Luckily, the service level-agreement (SLA) with clients was long enough that the missing data wasn't a huge problem. But the incident still sent Stoutner's company looking for another dedupe device. When the company brought in Data Domain's DD565 data deduplication array, one of the first things his team did was pull the power cords out. "It came right back up," Stoutner said.
Data Domain claims that its integrity-check processes are engineered to withstand the kind of failure Stoutner and Barnes experienced. Ed Reidenbach, Data Domain's director of product management, said Data Domain's operating system verifies the consistency of new file system metadata and integrity of the data after the backup completes. It then continuously rechecks all data online in the background.
"During the initial end-to-end verification process strong checksums are calculated on receipt of data by the DD OS, after which data is stored to a battery-backed NVRAM and then to disk," Reidenbach said. "In case of a power failure, recovery of writes that have not gone to disk requires simply playing back the requests and checking against and overcoming the power-fail weakness of the ATA cache. No metadata updates are committed to disk until all data is already committed, allowing no consistency confusion in case of NVRAM failure.
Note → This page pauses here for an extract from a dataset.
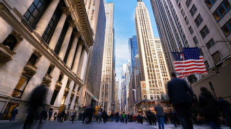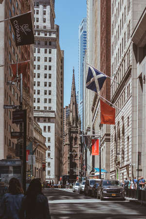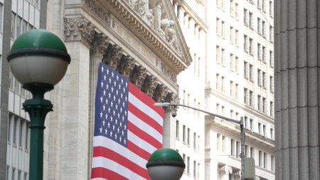 New York City, United States. Lower Manhattan Downtown Financial District urban architecture exterior. American flag. Wall street Stock Exchange building facade columns, USA Stock Market trading, NYC.
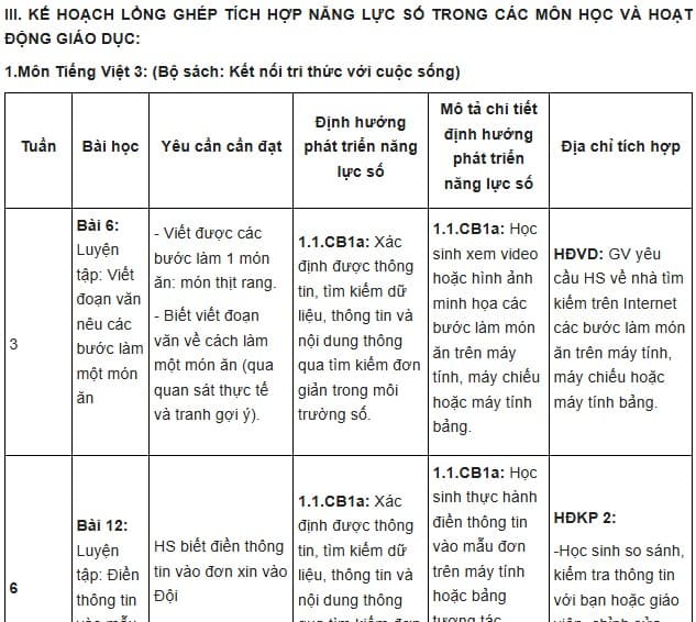 III. KẾ HOẠCH LỒNG GHÉP TÍCH HỢP NĂNG LỰC SỐ TRONG CÁC MÔN HỌC VÀ HOẠT ĐỘNG GIÁO DỤC:

Therefore, the replay process can be very fast."
Last year, IT staff at the Anchorage, Alaska school district told SearchDataBackup.com of problems that also caused data loss with a Quantum DXi 5500. The DXi 3500 and 5500 are Quantum's midrange dedupe systems. The vendor also has a newer enterprise platform, the DXi 7500.
A Quantum spokesperson said the company is aware of the issues with the "blockpool verify" process. Quantum's device also performs continuous high-level data integrity checks it calls "blockpool health checks" that can generally be done quickly. "Blockpool verify … is … only invoked if there is an unclean system shutdown. This is the situation Ben Barnes...was referencing, and it is a much less frequent occurrence," a Quantum spokesperson wrote in an email to SearchDataBackup.com. "We are continuing to make improvements in this area, but it currently can take a few hours the first time based on the size of the blockpool."
Barnes said he's worked with Quantum engineers on the issue and was willing to stick with it, partly because of the improvement after the firmware upgrade. Barnes had also evaluated Data Domain before purchasing the Quantum device last year, but wanted a disk system that supported his tape backups.
"In the end, when we looked at what we were quoted by Quantum, it was all-inclusive -- systems, tape, licensing and support, all in one price," he said. "Data Domain was not a one-stop shop."